Data below =
- - - - -

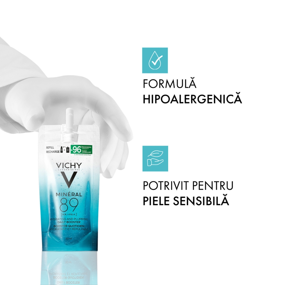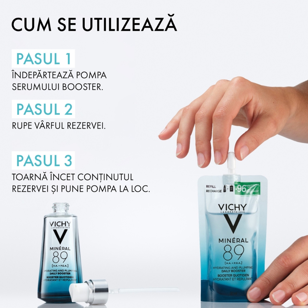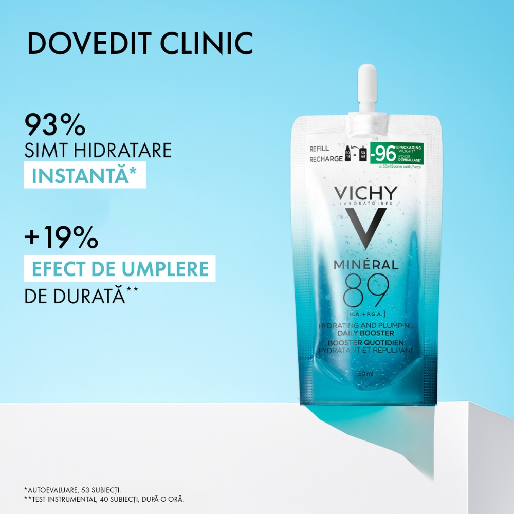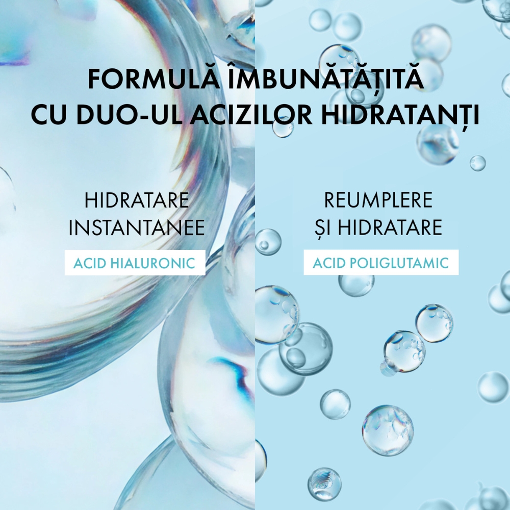 - formula emblematica cu 89% apa vulcanica Vichy, acum imbunatatita cu duo-ul de acizi hidratanti pentru o dubla eficacitate: 93% simt hidratare instantanee;
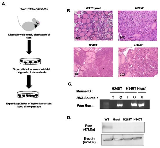 3.1. Generation of Stable Tumor Cell Lines from HrasG12V/Pten−/−/TPO Cre Thyroid Tumors
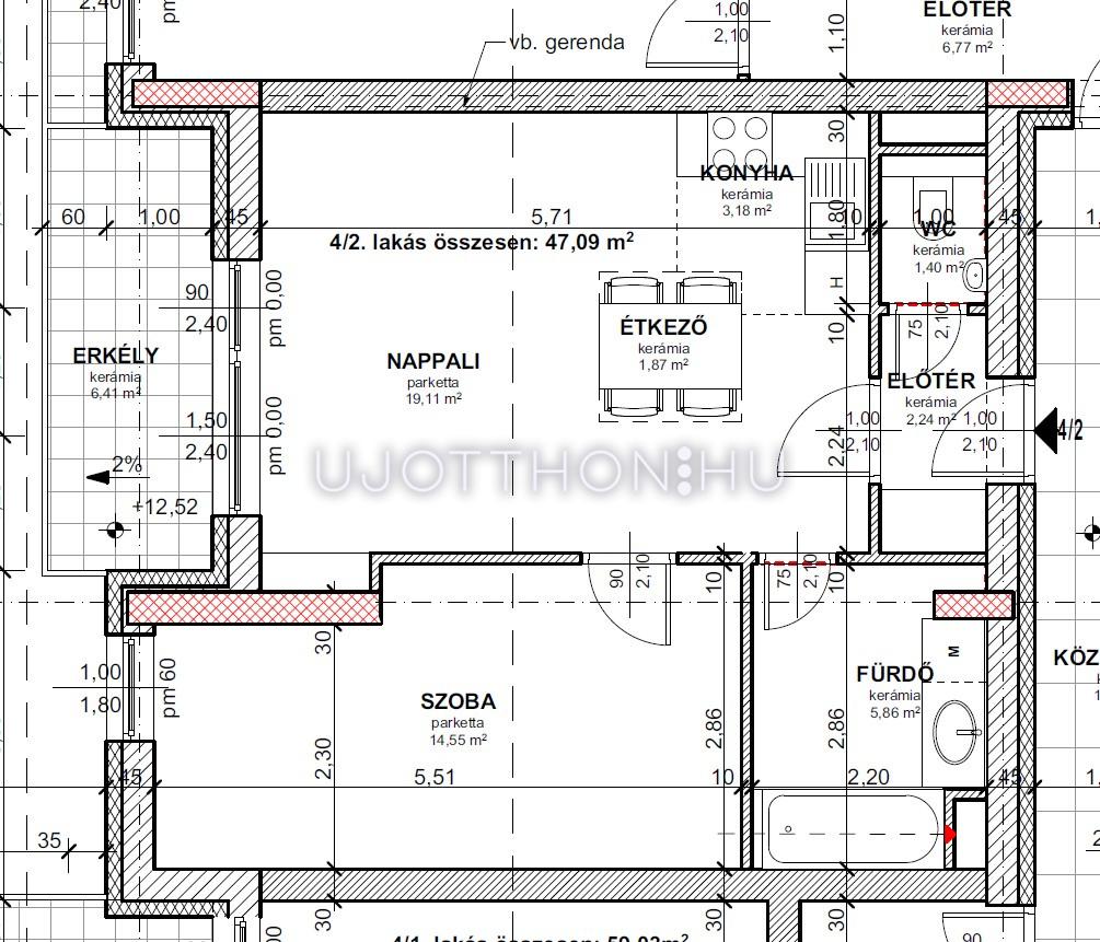 2 szobás 47 m2-es Lakás K7 Residence - Budapest XIII. kerület, Angyalföld
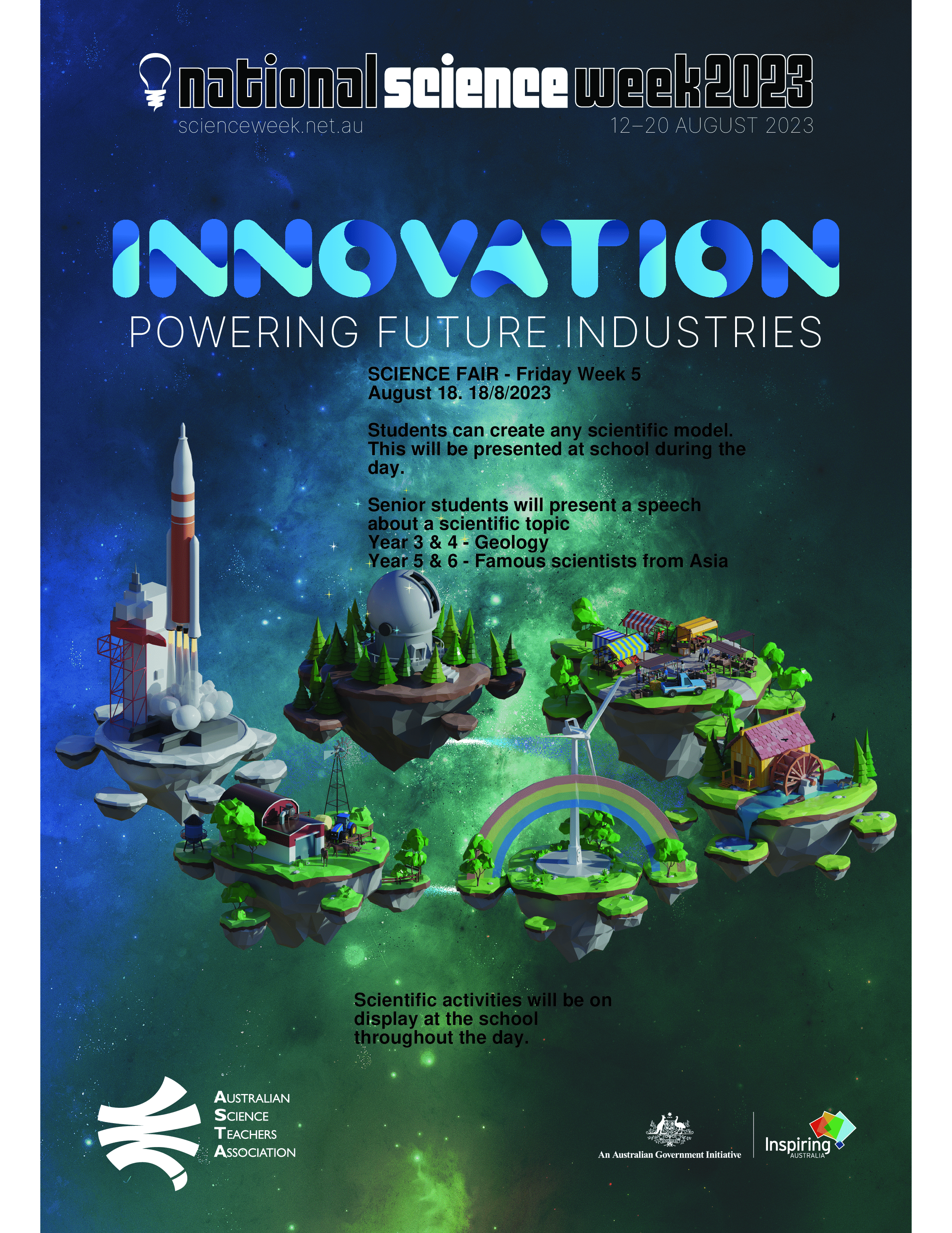 The theme for National Science Week this year is: Innovation: Powering Future Industries. Some ideas for displays might be - analysis of minerals, solar system models, vehicles propelled by elastic bands, small chemical reactions, models to prevent disasters, examples of erosion and many other great ideas.

- - - - -

Starting with the line that holds "2 szobás 47", print each line through the last one of the data exactly as written, but do not include the pictures.

Response to the exercise =
 2 szobás 47 m2-es Lakás K7 Residence - Budapest XIII. kerület, Angyalföld
 The theme for National Science Week this year is: Innovation: Powering Future Industries. Some ideas for displays might be - analysis of minerals, solar system models, vehicles propelled by elastic bands, small chemical reactions, models to prevent disasters, examples of erosion and many other great ideas.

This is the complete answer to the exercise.